在C++中的解析器/拆分常量字符*

我試圖找到一個解決方案，但我沒有找到任何解決我的問題。在C++中的解析器/拆分常量字符*

我有一個C++程序，收到const char*變量（filedata）和大小（filesize）。該變量的內容是csv格式。每個字段由';'分隔。內容也是動態的，並且可能有更多或更少的內容，因爲這個變量表示一組日誌。還有一個分隔符\n來表示換行符。

例FILEDATA的1：fildedata的

const char* filedata = 
    "1496843100;2017-06-07 13:45:00;000002D8;2800;0x23000CCD.VARIABLE67\n" 
    "1496843100;2017-06-07 13:45:00;000002D9;2800;0x23000CCD.VARIABLE68";

實施例2：

const char* filedata = 
    "1496843100;2017-06-07 13:45:00;000002D8;2800;0x23000CCD.VARIABLE67\n" 
    "1496843100;2017-06-07 13:45:00;000002D9;2800;0x23000CCD.VARIABLE68\n" 
    "1496843100;2017-06-07 13:45:00;000002DA;2800;0x23000CCD.VARIABLE69";

如果看到實施例1僅具有2行，和實施例2中有3條線。我從來不知道我有多少行。我可以有2，3，200，1000等行和filedata變量保存所有內容。
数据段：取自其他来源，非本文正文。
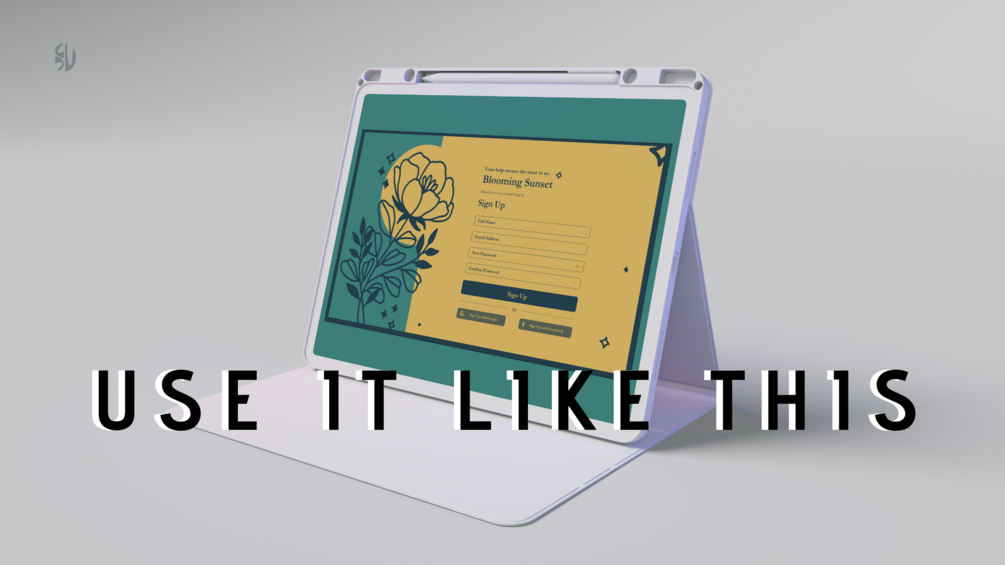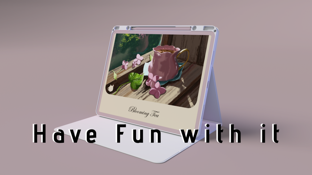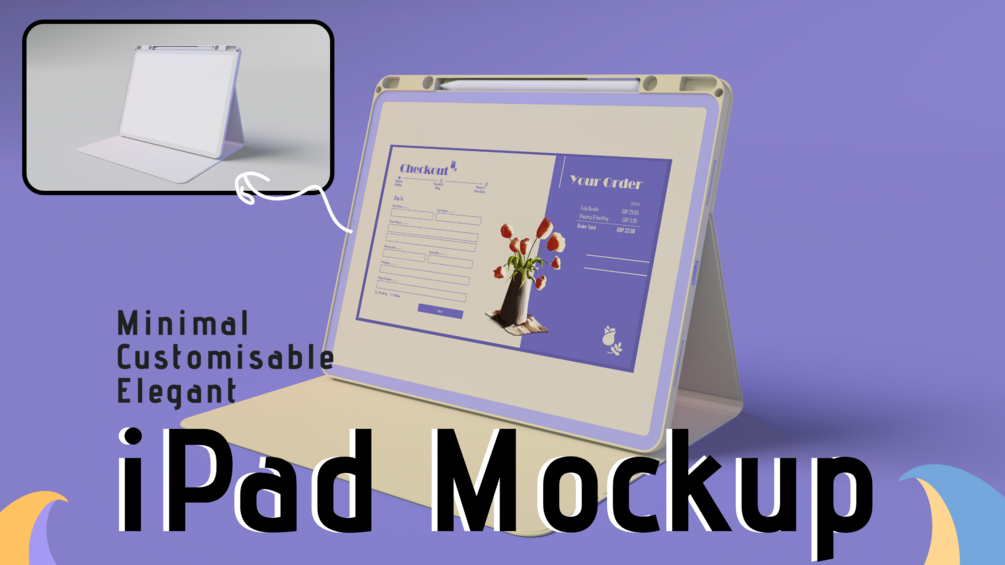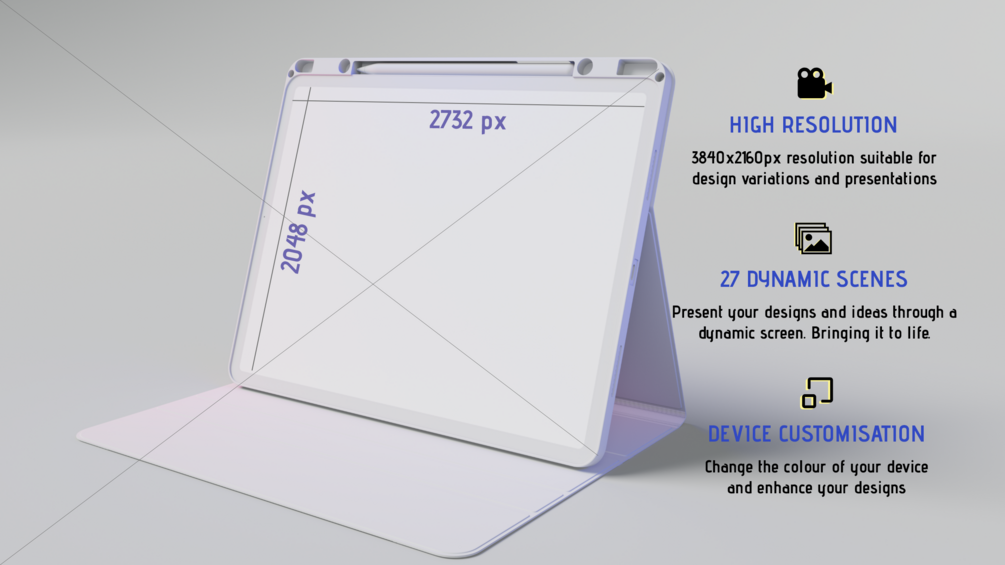 - customise everything in the scene: Background, ipad, ipad cover, pencil colour to match your designs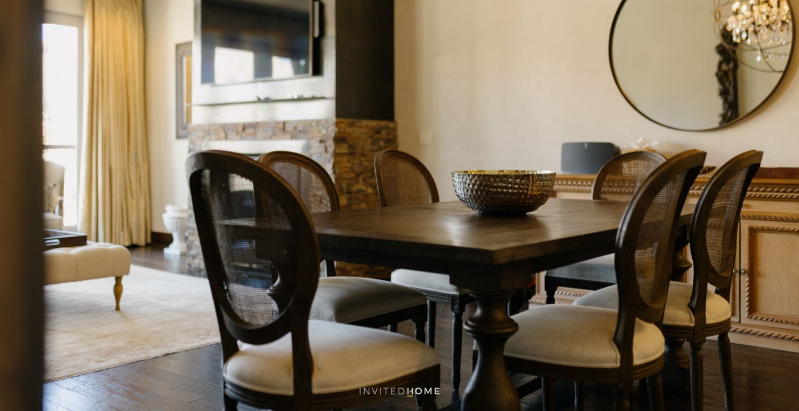 Alpenglow at Cassidy Ridge is a gorgeous vacation home with luxury design, spacious living areas and easy ski access. The main living area is fit for royalty, with cascading drapes, French country armchairs, and a view of the iconic ridgeline that can’t be beat. In the center of it all there’s gas fireplace, and above it, a large flat screen TV.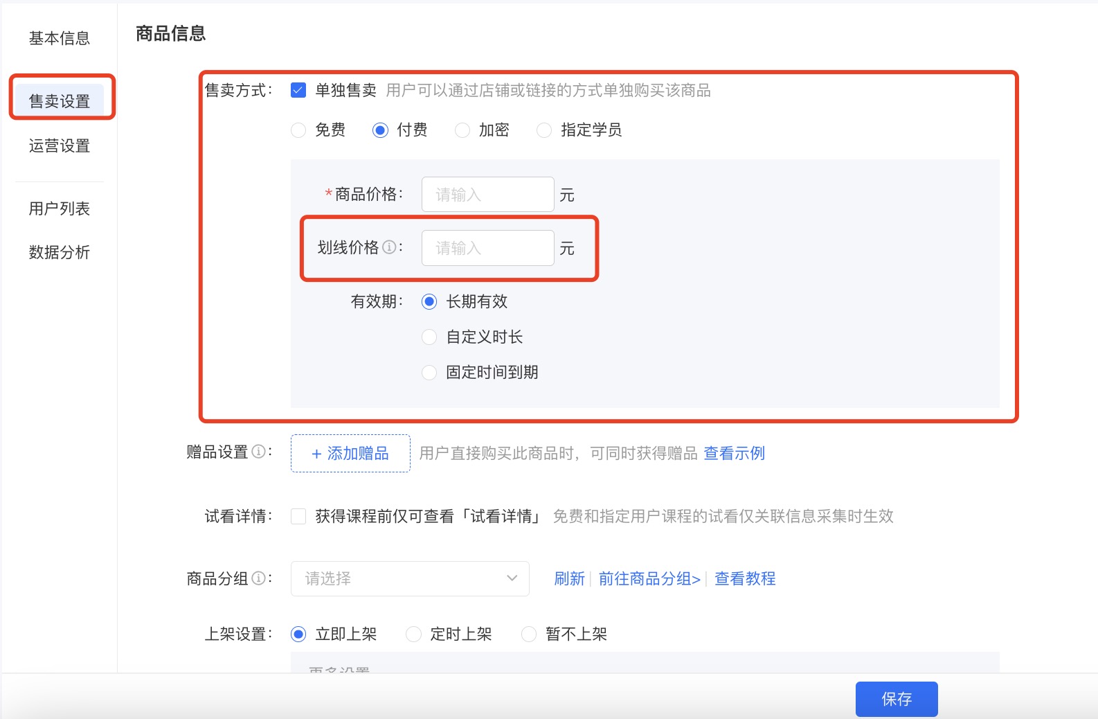 划线价格设置在【新建商品-商品信息】。商品售卖方式为【付费】时,才有划线价格,且为选填项。在商品没有其他优惠活动(如拼团)的情况下,填写后,会在商品详情页以划线形式显示。

所以我的目標是要接收該filedata可變（I還可以訪問文件大小）和每行我需要解析領域1和2（時間戳和在正常格式的數據）。

預期輸出（對於實施例2）：

1496843100 2017-06-07 13:45:00 
1496843100 2017-06-07 13:45:00 
1496843100 2017-06-07 13:45:00

在實施例2我有3條線，所以需要迭代所有行和每行解析的具體領域，非常相似的輸出。。在此之後我挑每個語法分析器字段並保存到對象列表（此部分已實現我只是遇到問題解析filedata

來源

2017-06-08 rrpik93

[？拆分C++中的字符串（的可能的複製https://stackoverflow.com/questions/236129/split-a-海峽ing-in-c） –

感謝您的回覆。是的，它幫助我部分分隔';'。但我不能編輯代碼只是爲了削減我想要的每一行的「列」。在這個例子中，我用「;」分隔所有的列，但我不想要所有的列。 – rrpik93

只需拆分並忽略不需要的列。 –

-1

快速的解決方案：可以使用類似的方法來爆炸（）函數從PHP，這是回答如何在C++ enter link description here爆炸功能。也許你將不得不修改回答代碼，以standard C string作爲輸入。

然後，如果你將擁有自己的爆炸（）函數的版本，你可以這樣做std::vector<std::string> lines = explode(filedata,'\n') 。

下一步將爲每個行元素執行std::vector<std::string> line_elements = explode(lines[i], ';')。然後你會有每個單獨的領域，你可以打印/解析你想要什麼。

來源

2017-06-08 10:08:33

請重新閱讀您的問題並解決它。請用英文寫，_sth_不是英文單詞。並刪除更長的解決方案，在C++程序中使用C字符串函數是一個壞主意。 –

你可以使用這個表達式

const char *regex_str = "\\d{10};[\\d,-]{10} [\\d,:]{8}"; //verified in http://regexr.com/

，然後從輸入const char *找到所有的正則表達式 - 從finding all regex得到幫助 - 爲Windows。

在mac os中std :: regex可能無法直接工作。需要在命令行中添加-stdlib=libc++

來源

2017-06-08 10:58:33

這裏是你想要的輸出的工作代碼。我用這個SO answer來解決我在我的複製標記中引用的SO問題。我修改了它，這樣新行字符\n也作爲分隔符。因此在代碼中有兩個while循環。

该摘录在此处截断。